Yaakov Abuhatzeira, grandfather of the Baba Sali, died in 1880.
By JERUSALEM POST STAFF
Hundreds of Israeli pilgrims motored in police-escorted convoys across the Nile Delta on Tuesday to pray at a 19th century Jewish holy man's tomb, where people received them with curious stares and a little resentment.
Egypt laid on exceptional security. Police special force troops with automatic rifles guarded the convoys of luxury coaches. The Israelis were not allowed to mingle with the residents of this western Delta town, 170 kilometers northwest of Cairo, but were confined to a cordoned-off parking area next to the shrine.
State Security officers refused to admit The Associated Press, and the government press office in Cairo, reached by cell phone, endorsed the refusal.
The pilgrims, some singing and clapping, made the two-hour drive from Cairo to see the tomb of Yaakov Abuhatzeira, a Moroccan rabbi who earned a reputation for healing people and died in 1880. His grandson, called "Baba Sali," is better known and his tomb in Netivot is a popular pilgrimage site.
Residents gawked from their windows and balconies as the big coaches slowly wound their way along the muddy road to the shrine. The authorities had just widened the road, leaving piles of rubble and freshly turned earth on the side, and had created a parking area in what had been a field of lush clover. A steamroller was leveling it as the first coaches arrived.
"I don't want to see them here," tire-repairman Mohammed Sharqawi said of the Israelis. "I watch television and I see what is happening in Palestine."
But, two stores along the main road, Ali Mohammed Tanani said the Israeli-Palestinian conflict was one thing, the pilgrims were another.
"We have our sacred places. If they think it's a sacred place, they have the right to visit. They are our guests," said Tanani, who runs a small grocery shop.
Egypt guards the stone tomb, which stands in a small chamber, and allows visitors only for the January anniversary of Abuhatzeira's death. The pilgrims do not walk around Nekraha; they go to the shrine and leave.
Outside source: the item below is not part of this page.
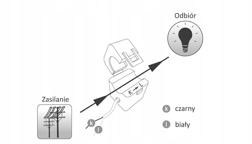 W zestawie wraz z urządzeniem dostarczane są miniaturowe, otwierane przekładniki prądowe. Do ich zapinania na mierzonych przewodach nie jest wymagana ingerencja w przewody prądowe. Należy jednak zwrócić szczególną uwagę na sposób przełożenia przewodu przez przekładnik oraz podłączenie wtórnej strony przekładnika do urządzenia.
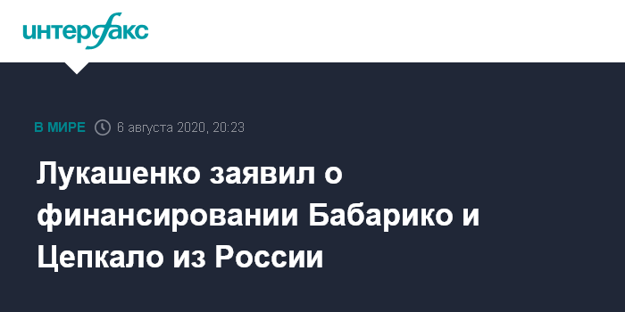 Москва. 6 августа. INTERFAX.RU - Президент Белоруссии Александр Лукашенко считает, что избирательные кампании экс-банкира Виктора Бабарико и бывшего главы Парка высоких технологий Валерия Цепкало финансировались из России.

But in 2003 a small group of pilgrims stopped at Tanani's shop and, using their interpreter, bought fizzy drinks and chocolates. "They were polite," Tanani recalled.
The tomb is a vestige of Egypt's once-prosperous Jewish community. Jews in Egypt go back to the time before Moses. And by the founding of Israel in 1948, they numbered about 80,000 people. But wars, and the resentment and expulsions that they engendered, have reduced Egypt's Jewish community to about 60 people, living in Alexandria and Cairo, according to the Israeli embassy.
Some residents of Nekraha believe that Abuhatzeira's shrine is not even the tomb of a Jew.
"I think the grave is that of a Muslim from Morocco called Mohammed," said shopkeeper Leila Khalil, adding that she had read that in Al-Osboa, a weekly newspaper known for stridently nationalistic views.
Khalil said President Hosni Mubarak was making a mistake by allowing the Israelis to come to the shrine. And in past years, such as 2001 when the Palestinian intifada was raging, the government has bowed to popular pressure and refused visas to Israeli pilgrims.
Khalil said she did not like Israelis visiting her town. Asked why, she replied: "Do the Jews like Arabs and Muslims?"